EXERCISE DESCRIPTION: Look below for the line with "Side Table Brown". Retype it and every line after it to the end, exactly, but leave out the pictures.

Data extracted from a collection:
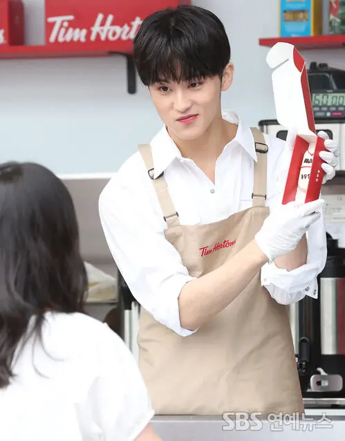 Mark from the group NCT attended the grand opening event of a Tim Hortons store at Lotte World Mall in Songpa-gu, Seoul, on the afternoon of the 9th, where he posed for photos.
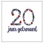 Kleurrijke huwelijks jubileum kaart met de tekst: '20 jaar getrouwd'. Verras iemand met deze leuke wenskaart van Boerenbont.
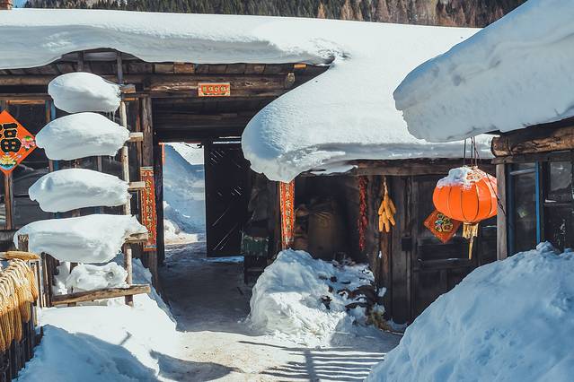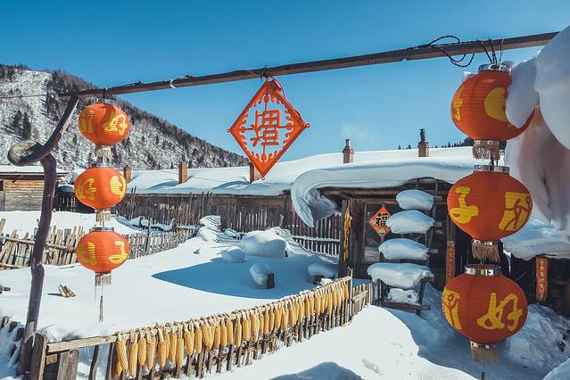 家家户户挂起串串红灯笼,把那素雅的银装世界装点映衬得如梦幻般美丽生动。迷蒙的点点红色,让这素白的世界多了点点温暖。玉米棒子在木榼愣的房檐下闪烁着金色的光芒,冰糖葫芦串插在稻草扎成的柱子上,木栏杆上搭着野鸡、野兔等野味,铺子里典型的雪乡商品就是那些毛皮的货物。要说每一个东北男人的脖子上都挂着一根手指粗的项链那绝对是没有的事,可基本上每个女人,都会有那么一两件貂绒,毕竟,这是属于东北女人们的时髦单品。
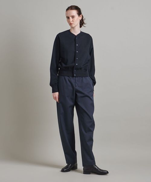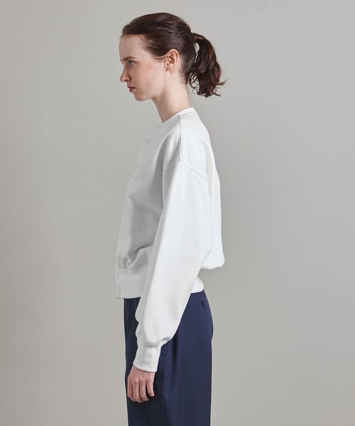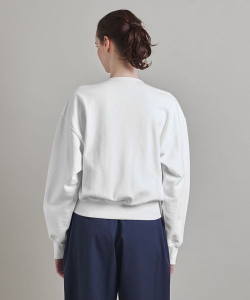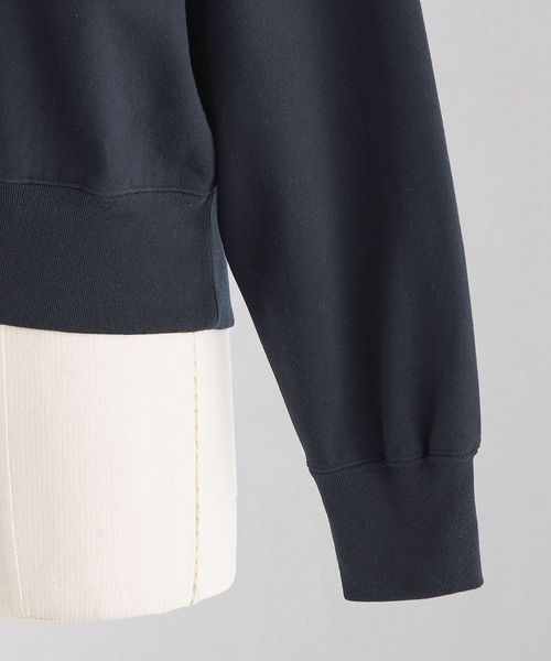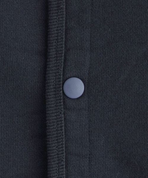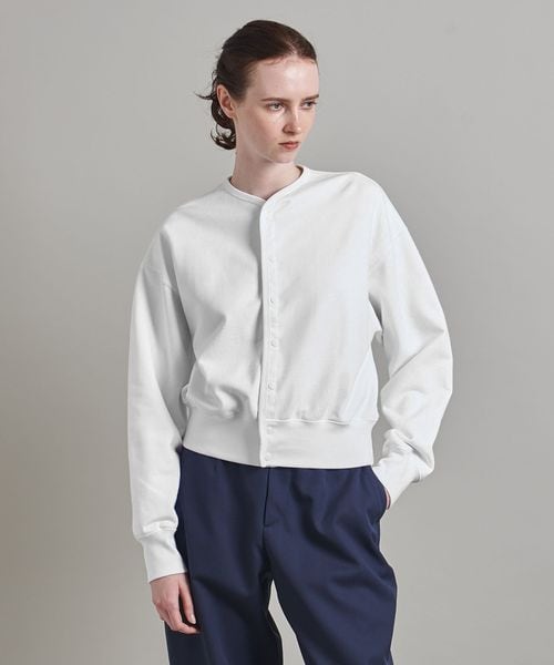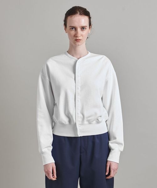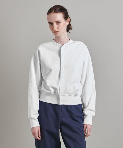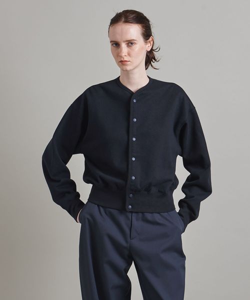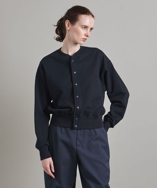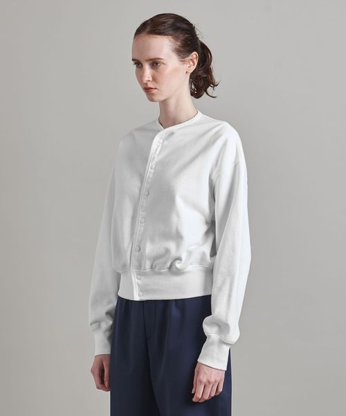 ドロップショルダーのゆとりあるスリーブデザインに対して、フィット感のある裾がメリハリを生むスウェット素材のカーディガン。
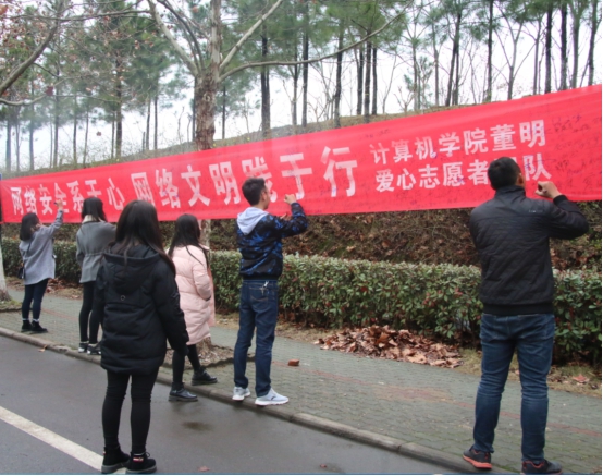 计算机学院“清朗网络”志愿服务队开展了以“共建网络安全,共享网络文明”为主题的四项志愿服务活动。“网络安全系于心,网络文明践于行”横幅签名活动吸引数百名同学参加;网络文明倡议书在贴吧被众多同学顶贴并评论,大家纷纷表示会认真践行倡议书中的要求,争当“四有”中国好网民,青年好榜样。
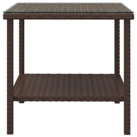 Side Table Brown 45x45x45 cm Poly Rattan and Tempered Glass
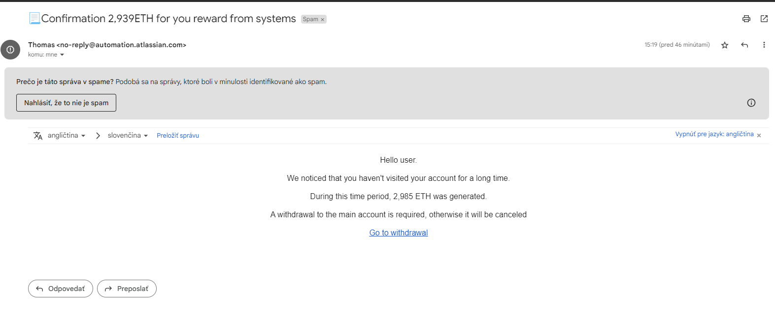Preto pokiaľ nečakáte napríklad mail od banky alebo kamaráta, tak skutočne nikdy nič neotvárajte. Najmä vtedy nie, ak by vás niekto lákal, že má pre vás 1 milión v bitcoine. Po stiahnutí vám hacker všetky údaje zmaže a pýta od vás výpalné. Ani po zaplatení vo väčšine prípadov sa ku súborom znovu nedostanete. Mail, ktorý vás núti niečo urobiť alebo stiahnuť môže vyzerať takto:

EXERCISE RESPONSE:
 Side Table Brown 45x45x45 cm Poly Rattan and Tempered Glass
Preto pokiaľ nečakáte napríklad mail od banky alebo kamaráta, tak skutočne nikdy nič neotvárajte. Najmä vtedy nie, ak by vás niekto lákal, že má pre vás 1 milión v bitcoine. Po stiahnutí vám hacker všetky údaje zmaže a pýta od vás výpalné. Ani po zaplatení vo väčšine prípadov sa ku súborom znovu nedostanete. Mail, ktorý vás núti niečo urobiť alebo stiahnuť môže vyzerať takto:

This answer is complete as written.